Is it possible to write to Kafka from the workers?

Hi everyone!

I would like to write directly to Kafka from the Dask workers. I am currently experimenting and have found one solution which creates one producer per task. I am wondering if it is possible to create one producer per worker instead?
All I found was Write to Kafka from a Dask worker - Stack Overflow, but get_worker() seems not to work anymore (it throws a “no worker found” error).
Is it even good practice to use just one producer? Or is it better to use one producer per task?
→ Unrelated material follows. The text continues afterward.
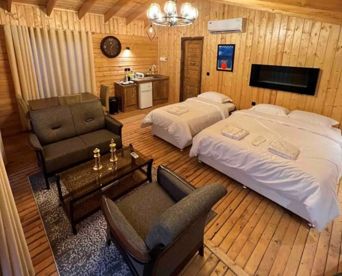 " اجاره کلبه چوبی در سوادکوه - کلبه 3 " این کلبه چوبی بدون اتاق خواب در محوطه ای 1000 متری در جوار دو کلبه دیگر با تراس و چشم انداز بینظیر جنگل و رودخانه در نزدیک سد لفور و در فاصله حدود 20 کیلومتری شهر شیرگاه واقع شده است. کلبه با طراحی دلنشین چوبی دارای نشیمن، یک تخت دبل، یک تخت سینگل، آشپزخانه، حمام و سرویس فرنگی و تراسی رو به طبیعت چشم نواز با میز و صندلی و سایبان می باشد که می توانید اوقات بیادماندنی را در سکوت جنگل و البته صدای گوش نواز رودخانه تجربه نمائید. محوطه سرسبز و جنگلی اطراف اقامتگاه که محصور هم نیست بصورت مشترک با سرایدار و میهمانان کلبه های دیگر مورد استفاده قرار می گیرد و ضمنا جهت حفظ امنیت کل محوطه مجهز به دوربین مداربسته نیز می باشد. همچنین با پیمودن 700 متر الی 2 کیلومتر به سوپرمارکت و نانوایی دسترسی خواهید داشت. پوشش شبکه تلفن همراه برای دو اپراتور ایرانسل و همراه اول در مکالمه خوب و دسترسی به اینترنت نیز به صورت 4g می باشد، همچنین وای فای رایگان در اختیار مهمانان قرار می گیرد. منطقه لفور با جنگل های انبوه و جاذبه های طبیعی بسیار و برخورداری از آب و هوای دل انگیز و پاک همواره مقصد گردشگران بسیاری از سراسر ایران می باشد. آبشارهای طبیعی و خروشان نظیر هفت آبشار، گزو، پلنگدره با حوضچه های سنگی، سد لفور بخشی از این دیدنی ها می باشد.

Hi @siltsp, welcome to Dask community,

I think the answer from Stackoverflow you found still stands:

You might also consider re-creating the producer in every task, then writing data, and then closing that producer. If it doesn’t take too long to create a producer relative to the amount of time it takes to write a partition of data then this might be a decent solution. It’s slightly less efficient, but probably more robust/secure/mature.

get_worker should work anyway, how did you try to use it?

You could also register a WorkerPlugin that would set a producer on startup and close it on teardown.

Hi @guillaumeeb, and thanks for your response.

Yeah, I thought so too. I also believe that having one producer per task is the better solution. However, I would like to try both options :slight_smile:

I attempted to use it like this (short version):

def initialize_kafka_producer():
    # Configuration for Kafka Producer
    conf = {...}
    producer = Producer(**conf)
    worker = get_worker()
    worker.kafka_producer = producer

def send_partition_to_kafka(df, topic):
    worker = get_worker()
    producer = getattr(worker, 'kafka_producer', None)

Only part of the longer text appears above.